Fui romántica desde pequeñita. Desde mi infancia me enseñaron a esperar al príncipe azul, a esperar un futuro de cuento de hadas en donde todo comienza con el final: y fueron felices y comieron perdices.

Siempre pensé que el principio del amor, como el de la materia, es que el amor nunca se crea ni se destruye que, simplemente, se transforma. Se transforma poco a poco, pasando de esa pasión ciega, abrasadora, arrebatadora, dolorosa y gozosa al mismo tiempo de los primeros encuentros a esa otra más tranquila que marca los primeros años de pareja para pasar a otra etapa dentro del amor… ¿cómo llamarla?. Uhhh... ¿de medida tolerancia? de los siguientes. A no querer abrir mucho los ojos porque puedes ver demasiado, es preferible ser ciego a ver con demasiada nitidez las miserias de nuestra pareja, de la persona a la que hemos elegido para compartir toda nuestra vida. Preferimos revestir de rosa la convivencia y dejar pasar inadvertido el aburrimiento que termina corroyendo todo lo que tiene alrededor.

Todo esto, positivo y negativo, también trae consigo algo bueno y es la unión de fuerzas, la sinergia para sacar adelante a los hijos, esos verdaderos frutos de la pasión. Y, finalmente, con los años, pasa a convertirse en conocimiento, en compañía, en necesidad, tranquilidad... creo que en verdadero amor.

Y es aquí, a mis cincuenta y seis años, comenzando el otoño de mi vida y cuando la tranquilidad debería ser mi rutina diaria, es aquí digo, donde todos los principios, creencias y experiencias se me han roto, no me sirven de nada, en todo caso únicamente sirven para acrecentar las dudas en mi mente y la angustia que pesa en mi corazón.

Lo conocí, como canta ese bonito bolero, en tiempo de cerezas. Era un día de principios de mayo cuando mi hijo vino con él a casa para recoger no sé qué libro sobre pesca fluvial; tomaron café conmigo y se marcharon rápido. Volví a encontrármelo meses después en una conferencia de la cámara de comercio donde actuaba como ponente en la ronda de la mañana. Me reconoció y vino a saludarme proponiéndome tomar un café después del almuerzo y antes de que se reanudara la sesión de la tarde. Acepté encantada y halagada su propuesta. Al final nos saltamos la conferencia y terminamos hablando de todo un poco hasta bien entrada la noche.

Hermoso, inteligente y, muchos años, tal vez demasiados, más joven que yo. Al principio lo miraba como a un hijo. Me hacía gracia y me halagaba que me prestara más atención de lo normalmente esperado entre dos personas tan lejanas en años y experiencias y también porque me recordaba mucho a Diego, mi hijo pequeño y de su misma edad.
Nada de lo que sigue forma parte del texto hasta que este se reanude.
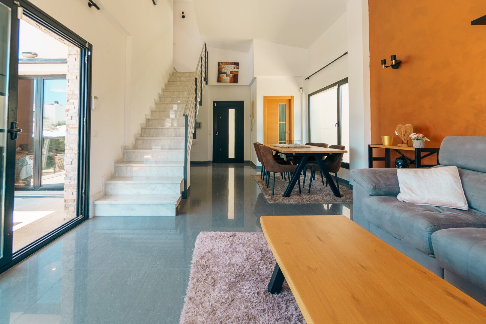 Deze moderne villa is gelegen in een rustige urbanisatie in Polop en staat op een perceel van 400 m² met een privézwembad, een onderhoudsvriendelijke tuin en een gezellige barbecueplek – perfect om buiten te leven.

Yo soy mujer provinciana, sencilla y despierta con algunos “refinamientos” a fuerza de lectura y mucha voluntad. Casada desde muy joven, desde casi toda mi vida y con dos hijos, un marido bueno y trabajador y una posición económica saludable. De él lo único que sabía es que era un joven de treinta años, recién casado y padre de una pequeña criatura de poco más de un año. Tenía una aceptable posición económica pese a su juventud. Hijo de familia acomodada, educado en un colegio de curas, con unos sólidos principios religiosos y un futuro brillante delante de él.
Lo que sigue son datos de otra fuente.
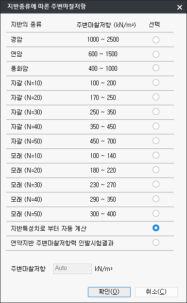 - '지반특성치로 부터 자동 계산'을 선택하면 각 지층의 주변마찰저항값과 접속길이를 고려하여 정착장을 계산합니다.

Dos vidas que corrían paralelas pero sin imaginar siquiera que podrían encontrarse en algún momento. Dos personas realizadas, protegidos con la sonrisa benévola de la vida, bendecidos por los hados ¿verdad?. Pues bien, nadie nos contó ni nos preparó que el corazón no entiende de edades ni de principios ni compromisos, que todo eso está en nuestra mente y que el corazón es independiente y va a lo suyo, nos idiotiza, nos anestesia el conocimiento y lo único que hace es tiranizarnos haciendo que olvidemos todo lo que habíamos construido hasta ese momento en nuestra vida, olvidar nuestras creencias, nuestras bases morales. Nos crea necesidades fuertemente espirituales pero aún con mucha más intensidad físicas. La necesidad del tacto de unas manos, del olor de la piel cuando hierve de deseo, de miradas que lo dicen todo sin abrir la boca. Los dos sabíamos que algo ocurría.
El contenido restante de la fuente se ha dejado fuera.